**YOUR OBJECTIVE**
Only the lines from the one containing "Entregando muita excelência, o" to the end of the data should be copied, exactly and without pictures.

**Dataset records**
━━━━━━━━━━━━━━━━━━━━━━━━━━━━━━

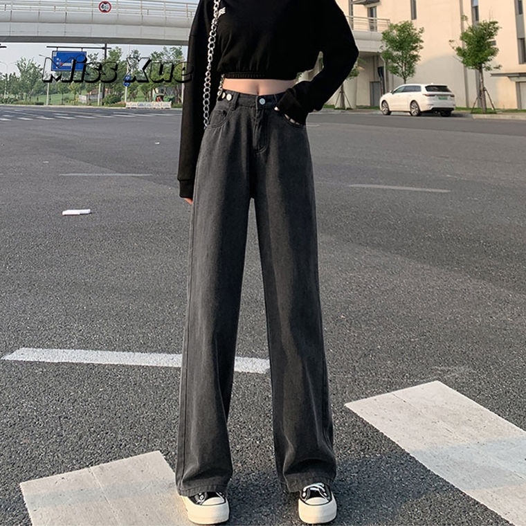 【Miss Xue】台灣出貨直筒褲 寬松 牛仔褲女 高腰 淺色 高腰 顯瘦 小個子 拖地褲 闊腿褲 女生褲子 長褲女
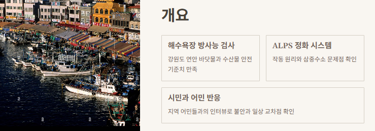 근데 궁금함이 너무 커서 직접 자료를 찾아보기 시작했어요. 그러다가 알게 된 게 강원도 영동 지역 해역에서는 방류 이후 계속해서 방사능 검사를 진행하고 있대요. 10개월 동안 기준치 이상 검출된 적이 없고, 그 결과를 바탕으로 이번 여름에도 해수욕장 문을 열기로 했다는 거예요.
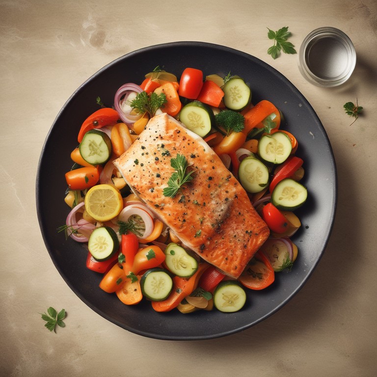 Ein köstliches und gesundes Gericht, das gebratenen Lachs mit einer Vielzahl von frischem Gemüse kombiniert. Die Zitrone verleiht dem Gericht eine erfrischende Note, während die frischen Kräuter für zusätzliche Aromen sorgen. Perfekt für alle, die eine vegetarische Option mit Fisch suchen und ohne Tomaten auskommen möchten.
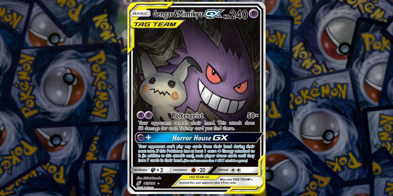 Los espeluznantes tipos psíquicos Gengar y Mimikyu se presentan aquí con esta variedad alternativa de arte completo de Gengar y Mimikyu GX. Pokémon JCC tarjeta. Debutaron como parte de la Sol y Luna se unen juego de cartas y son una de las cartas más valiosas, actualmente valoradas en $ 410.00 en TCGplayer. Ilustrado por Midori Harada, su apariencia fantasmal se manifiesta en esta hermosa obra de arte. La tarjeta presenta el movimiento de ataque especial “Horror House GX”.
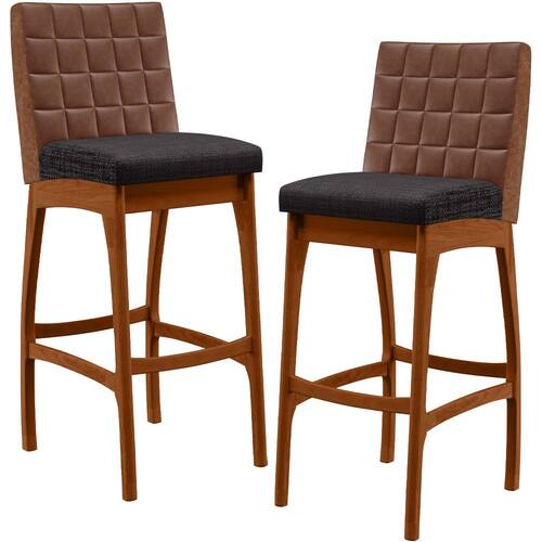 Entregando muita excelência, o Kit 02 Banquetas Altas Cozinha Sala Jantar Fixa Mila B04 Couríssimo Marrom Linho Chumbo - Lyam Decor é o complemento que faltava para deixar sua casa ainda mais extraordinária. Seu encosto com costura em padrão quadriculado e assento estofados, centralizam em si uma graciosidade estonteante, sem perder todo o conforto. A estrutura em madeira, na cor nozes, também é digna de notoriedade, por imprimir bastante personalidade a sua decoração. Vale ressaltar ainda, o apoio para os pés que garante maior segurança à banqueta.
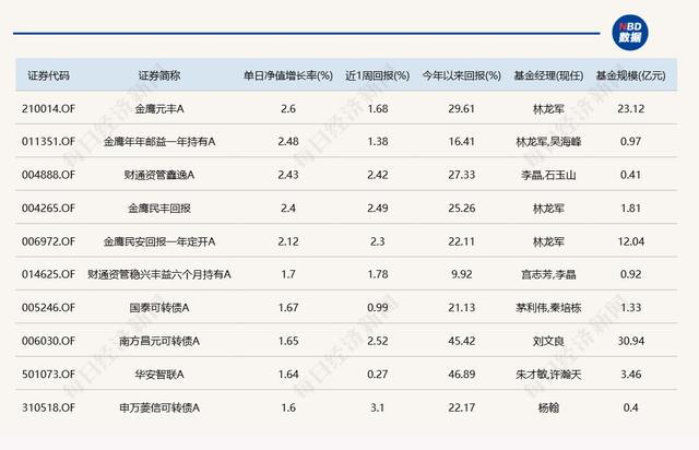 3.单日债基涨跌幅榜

━━━━━━━━━━━━━━━━━━━━━━━━━━━━━━

**OUTPUT OF THE EXERCISE**
 Entregando muita excelência, o Kit 02 Banquetas Altas Cozinha Sala Jantar Fixa Mila B04 Couríssimo Marrom Linho Chumbo - Lyam Decor é o complemento que faltava para deixar sua casa ainda mais extraordinária. Seu encosto com costura em padrão quadriculado e assento estofados, centralizam em si uma graciosidade estonteante, sem perder todo o conforto. A estrutura em madeira, na cor nozes, também é digna de notoriedade, por imprimir bastante personalidade a sua decoração. Vale ressaltar ainda, o apoio para os pés que garante maior segurança à banqueta.
 3.单日债基涨跌幅榜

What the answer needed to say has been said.